Utah Jynx
- Founded: 2010
- League: Independent (2011) WFA (2012-2013)
- Team history: Utah Jynx (2011-present)
- Based in: West Valley City, Utah
- Stadium: Herriman High School
- Colors: Navy blue, gold, green, and white
- Owners: Greg Cover
- Coaches: Greg Cover

= Utah Jynx =

Women's American football team

The Utah Jynx is a team of the Women's Football Alliance that began play in 2011 and joined the WFA in 2012. Following their successful 2011 season as an independent team, they were placed at #7 in the WFA preseason rankings by EZ Football Rankings. Based in West Valley City, Utah, the Jynx play their home games on the campus of Taylorsville High School.

In their inaugural season, the Jynx played as an independent team. For the 2012 season, they join the Utah Blitz as the second WFA team in the Beehive State.

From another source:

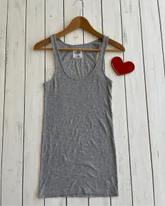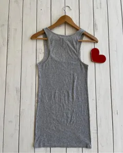 Talla: S Medidas 34 cm de axila y 68.5 cm de largo.Playera gris sin manga, acanalada, es stretch y queda justa.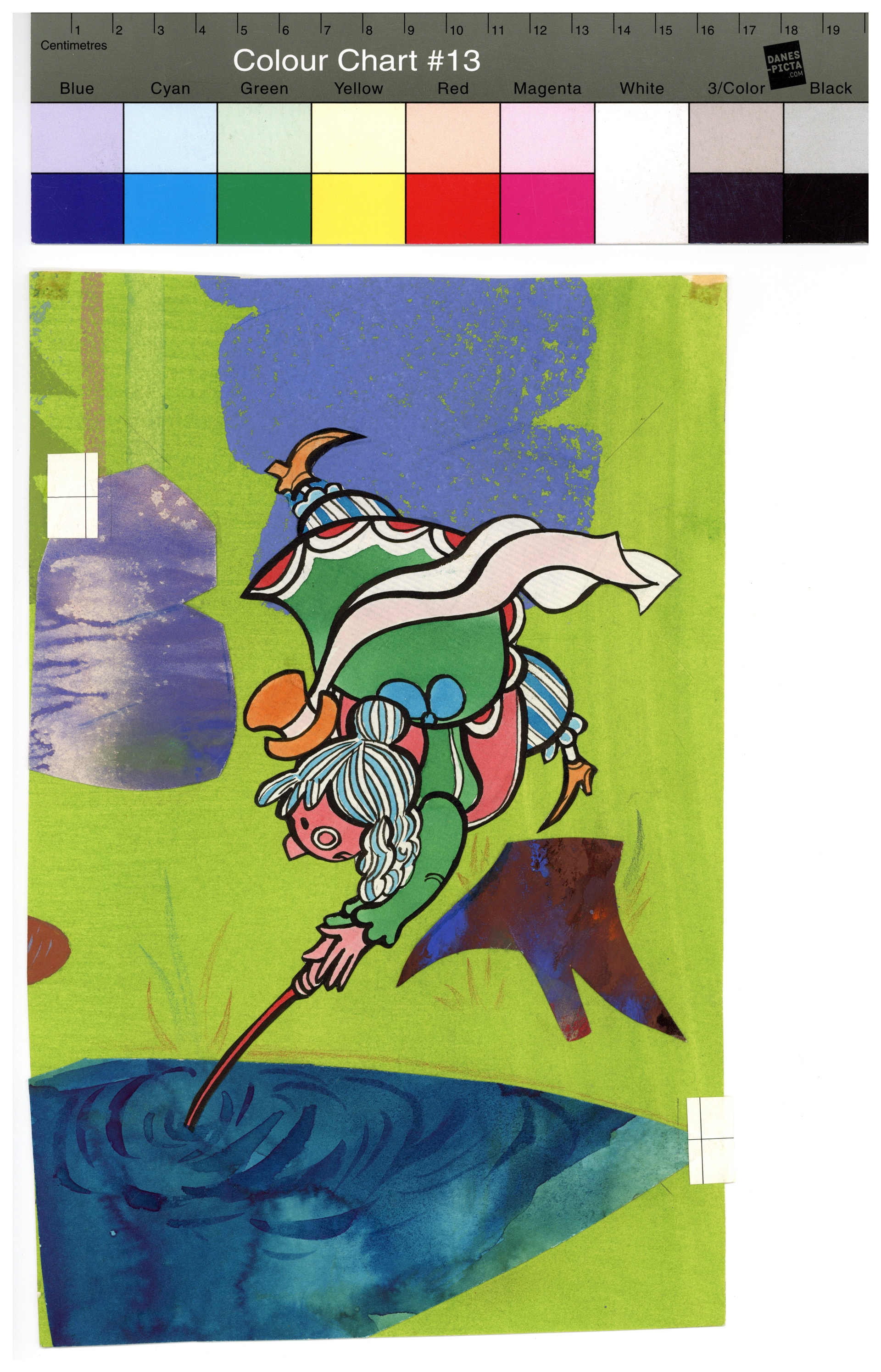 Popis: Kolorovaná kresba a koláž na papíře. Ilustrace k příběhu Václava Čtvrtka.

In 2012, in their first season as a member of the WFA, the Jynx finished as the undefeated division champions of the American Conference Division 14, (7 - 0 overall, 4 - 0 in the division). They clinched the division after defeating the Portland Fighting Fillies 33 - 13 in Portland. The Fillies were the division champions the last two season previous, in 2010 and 2011. The Jynx suffered an early loss in the playoffs by losing to the Central Cal War Angels at home, 26 - 36.
The Jynx also had six players receive WFA All American honors: 3 first team, and 3 second team. The 3 first team All Americans flew out to Pittsburgh, Pennsylvania to participate in the All Star Game held on August 4, 2012, the same day as the WFA National Championship game held at Heinz Field. The two teams playing in the National Championship were the San Diego Surge and the Chicago Force. The Surge won the game 40 - 36, thanks to a last second interception.

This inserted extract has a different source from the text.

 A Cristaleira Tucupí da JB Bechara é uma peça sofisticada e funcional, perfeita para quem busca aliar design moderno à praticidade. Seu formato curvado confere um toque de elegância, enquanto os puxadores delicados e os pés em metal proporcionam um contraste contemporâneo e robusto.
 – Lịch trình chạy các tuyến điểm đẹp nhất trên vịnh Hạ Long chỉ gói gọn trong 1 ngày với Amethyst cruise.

Going into the 2013 season, the Jynx changed divisions, and are now with the Las Vegas Showgirlz and Utah Blitz. On June 8, 2013, the Utah Jynx wrapped up their second season in the WFA, having acquired a 6 - 2 record for the regular season and a second consecutive division championship. They averaged 54 points per game in the regular season and amassed over 3,500 yards of offense.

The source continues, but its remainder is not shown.